Overall, two broad, but not mutually exclusive, mechanistic categories exist for the effects of microbiota on metabolic disorders: 1) direct interaction of gut microbiota with local tissue and 2) indirect interaction with distant organs through metabolic signals. It is tempting to speculate that the effects of microbiota on metabolism-related organs, whether capable of modulating inflammatory responses or regulating active molecular signals, are fundamental elements in the process of obesity, which would provide an environment factor as the cause of the complex pathology of obesity. There is compelling evidence supporting modulation of microbiota to treat obesity and related disorders.

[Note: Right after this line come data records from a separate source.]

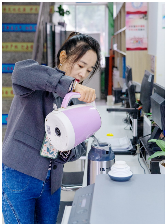
停电后,社区接到产妇求助,希望送点热水冲泡奶粉,社区工作人员立即行动起来。

女子调解小分队成立以来,已成功调解拆迁、夫妻、婆媳、邻里纠纷近400件,志愿服务时长15400小时,成为化解矛盾纠纷、开展法治宣传、维护基层社会和谐稳定的重要力量。
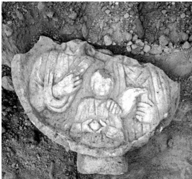
Családi dombormű töredéke

Az Árpád korban a római temető területére temetkeztek az itt lakók. Többnyire melléklet nélküli sírjaik egy csoportban fekszenek a római temető északnyugati részén. Kevésbé mélyre ásták sírjaikat, mint a római sírokat, így igen sokat megbolygatott a szántás. Egyikben felfűzött, 10. századi pénzezből álló nyakláncot és „S” végű fülbevalót viselt az eltemetett férfi. Egy másiknak a ruháját kis füles bronzgombok díszítették, hajában hajkarika. Településüket eddig nem
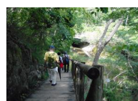
山道を下山、私市駅に向う
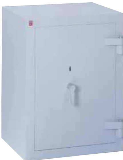
Mehrwandiger Tresoraufbau, massive Riegelbolzen

Sie möchten unterschiedliche Farben für innen und außen? Fragen Sie uns!
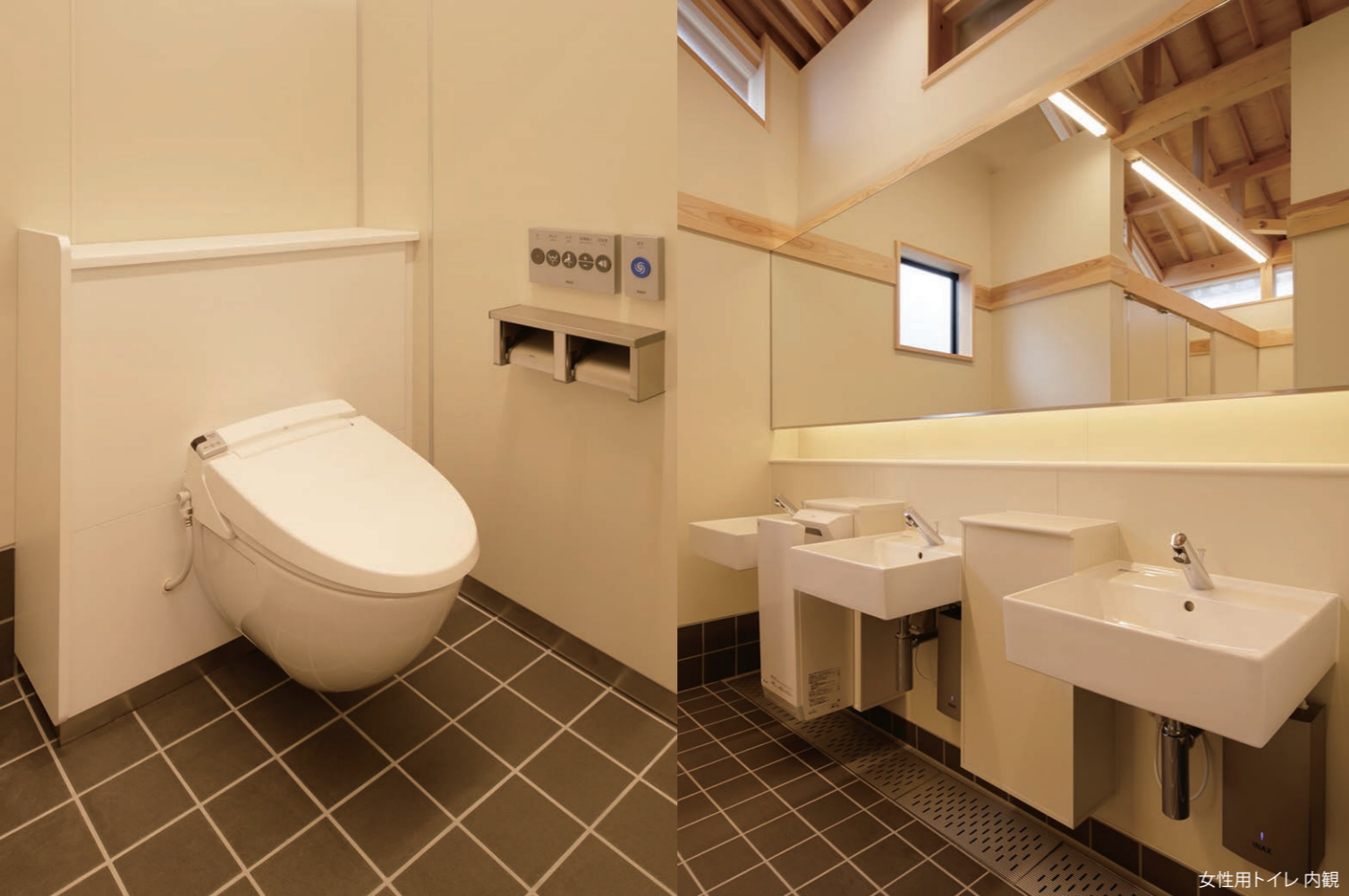
女性用トイレ 内観
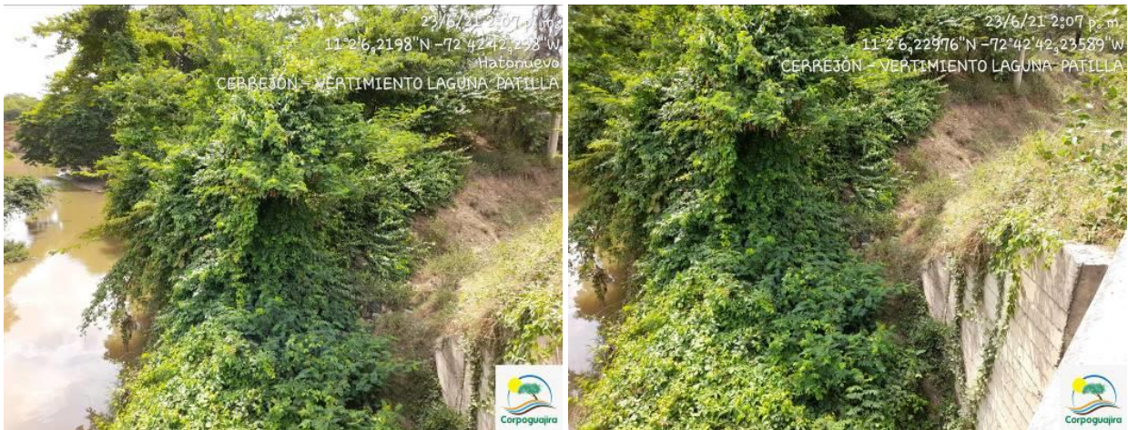
Fotografías No. 7 y 8. Punto de vertimiento de aguas Laguna Patilla. CARBONES DEL CERREJON LIMITED – CERREJON. COMPLEJO MINA. 23 de junio del 2021..
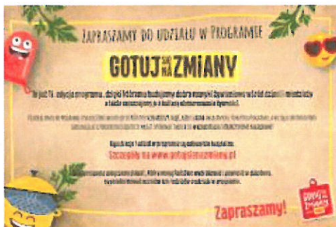
Zaproszenie.jpg ~175 KB
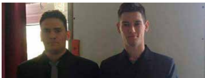
Diákigazgatónk (balra) és helyettese (jobbra)

Szokásainkhoz híven a végzős osztályokból választottuk ki a diákigazgatót és helyettesét. Ám az utóbbi évektől eltérően, komoly kampánymunka folyt iskolánkban a végzős osztályaink jóvoltából. Ehhez számos kampány videó, plakát, fénykép, szórólap
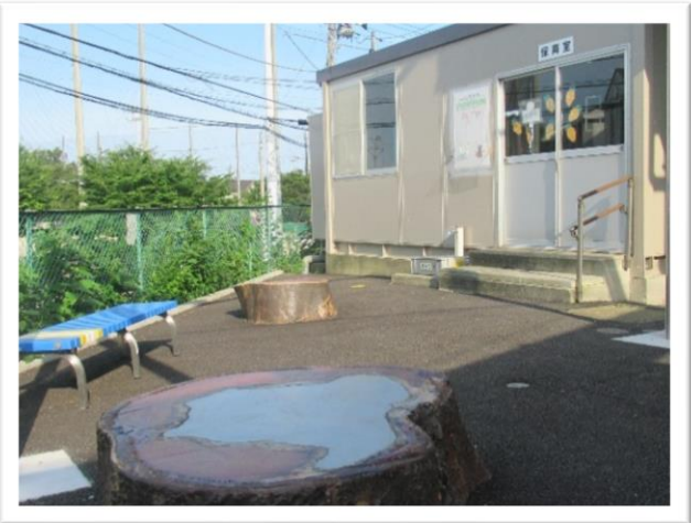
整備された保育室前

まだ、名前はありませんが現在、生涯学習のオリエンテーリングに来ている明星大学の学生たちに投票してもらい、後日決定する予定です。どのような名前になるか楽しみにしててください。
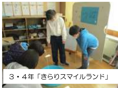
3・4年「きらりスマイルランド」
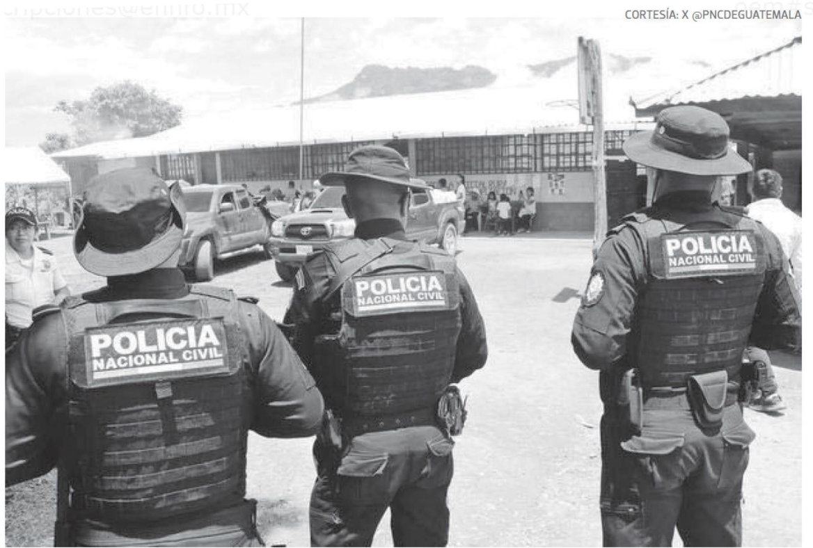
Policías incrementan la seguridad en la zona fronteriza y en los albergues de migrantes

Dietary intake appears to be a major regulator of the structure and function of gut microbiota. Results show that carbohydrate restriction and diets rich in fiber and vegetables are associated with health benefits due in part to microbial changes (Cotillard et al., 2013; Mardinoglu et al., 2018). Administration of prebiotics, probiotics and synbiotics have long been proposed as ways of modifying metabolic disorders, which are largely dependent upon altered microbiota composition. Multi-strain probiotic supplementation can reduce liver transaminases, tumor necrosis factor-α level and insulin resistance (Sepideh et al., 2016). Additionally, probiotic Lactobacillus rhamnosus GG is effective in the prevention of hepatic steatosis and injury partly through modulation of hepatic AMPK activation (Zhang et al., 2015), and probiotic strain Bifidobacterium animalis subsp. Lactis 420 supplementation reduces bacterial translocation of Gram-negative bacteria from the Enterobacteriaceae group to normalize adipose-tissue inflammation (Amar et al., 2011). Interventions with prebiotics can also modulate gut microbiota and significantly reduce body weight, percent body fat, and desire for high-calorie foods, as well as improve insulin sensitivity, low-grade chronic inflammation and lipid metabolism (Dewulf et al., 2013; Hume et al., 2017; Nicolucci et al., 2017). In addition to its effect on peripheral organs, prebiotic supplementation also improves appetite control in children with obesity (Hume et al., 2017).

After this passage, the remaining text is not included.